In 1966, International Secretary David Carver wrote to Russell requesting assistance with the case of two Soviet writers Andrei Sinyavsky and Yuli Daniel.
The pair had published satirical writings on Soviet life abroad under pseudonyms, but both were arrested in September 1965.
Their trial marked the first notable show trial of writers convicted under Article 70 of the Soviet penal code for having libelled their country in works published outside the USSR, allegedly weakening and undermining its reputation internationally. It provoked global outrage from writers and PEN was among the first organisations to act.
The arrests led to the Glasnost rally in Moscow in December 1965 marking the beginning of the anti-Soviet demonstration and the growth of a civil rights movement in Russia.
The writers argued that the charge of libel could not be applied to literary works but their protests fell on deaf ears.
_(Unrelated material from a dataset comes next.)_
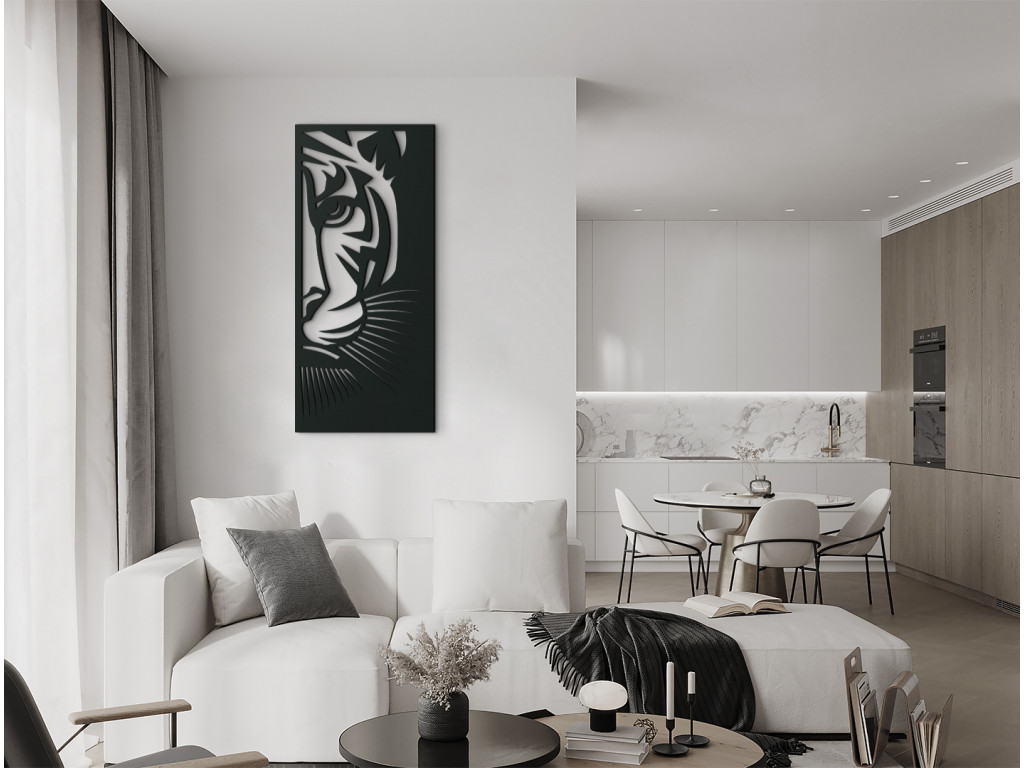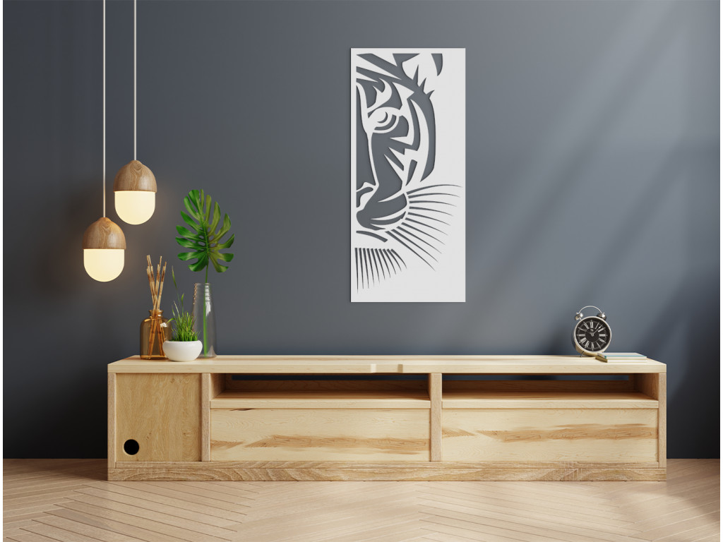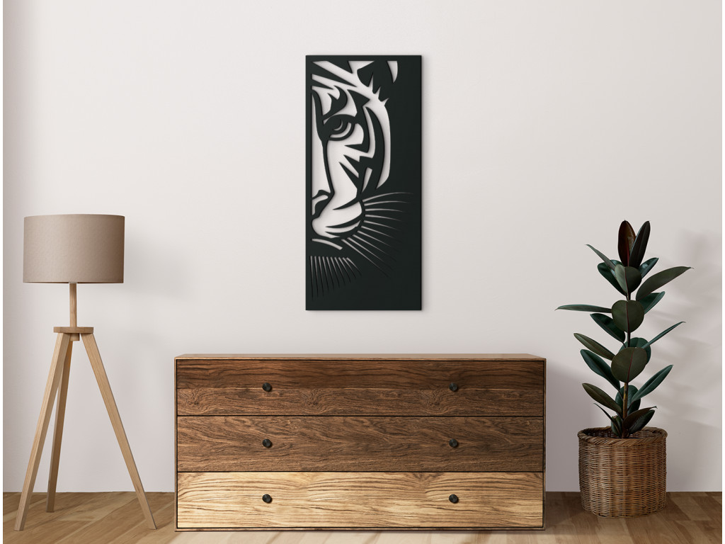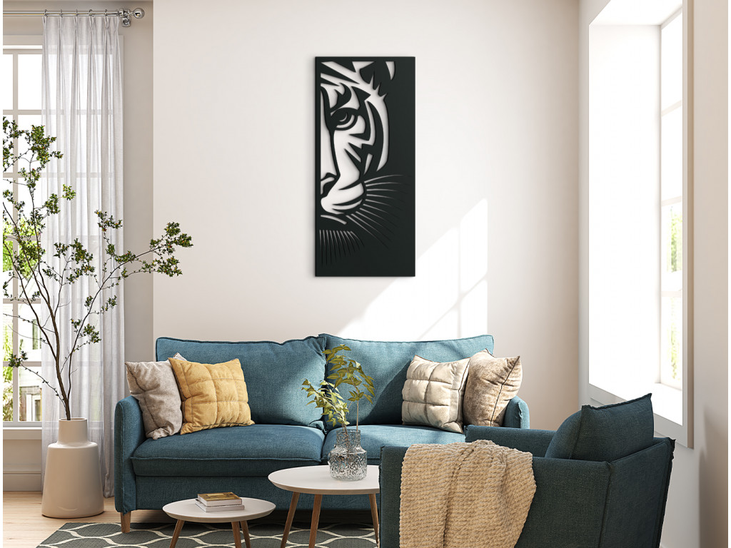 Ozdobte si obývačku, spálňu alebo jedáleň drevenou nálepkou na stenu v pôsobivom modernom dizajne. Elegantná dekorácia na stenu s majestátnou tigrou hlavou je vynikajúcim nápadom aj na darček pre priateľov či známych.

Sinyavsky was sentenced to seven years in a labour camp and Daniel to five.
PEN International’s Writers in Prison Committee sent a telegram to Bresnev, who had taken over from Khrushchev as the leader of the Soviet Union explaining that they were ‘[d]eeply shocked by savage and unhuman sentences pronounced today on Sinyavsky and Daniel, we, the undersigned, representing thousands of writers throughout the world, members of International P.E.N., implore you as Prime Minister to exercise clemency and this restore confidence in Soviet Justice and humanity.’
The case became central to PEN discussions during this period, dominating the 1966 New York International Congress.
Carver wrote to Russell during this time asking him to use his ‘good offices as you did in the case of Madame Ivinskaya, when you wrote a personal letter to Mr Krusechev [sic] intervening on her behalf. I feel that a personal letter from you to both Mr Bresnev and to Mr Keaygin, on purely humanitarian grounds, requesting that International PEN be allowed to send help in either money or in kind.’
Admitting that there would be little that the organisation could do to help the writers themselves, Carver also asked Russell to plead for help for their families, who were starving and impoverished without any financial support.
The men themselves were, according to Carver’s source, in a camp which was ‘cruel and inhuman’ where they faced persecution by guards and other prisoners as ‘traitors’. Both Sinyavsky and Daniel were described as barely able to walk through ‘undernourishment and exhaustion’.
Russell agreed but his intervention was ignored. Daniel served the full term of his sentence and Sinyavsky six years.
Russell continued in his role of Vice President of PEN International until his death in 1970.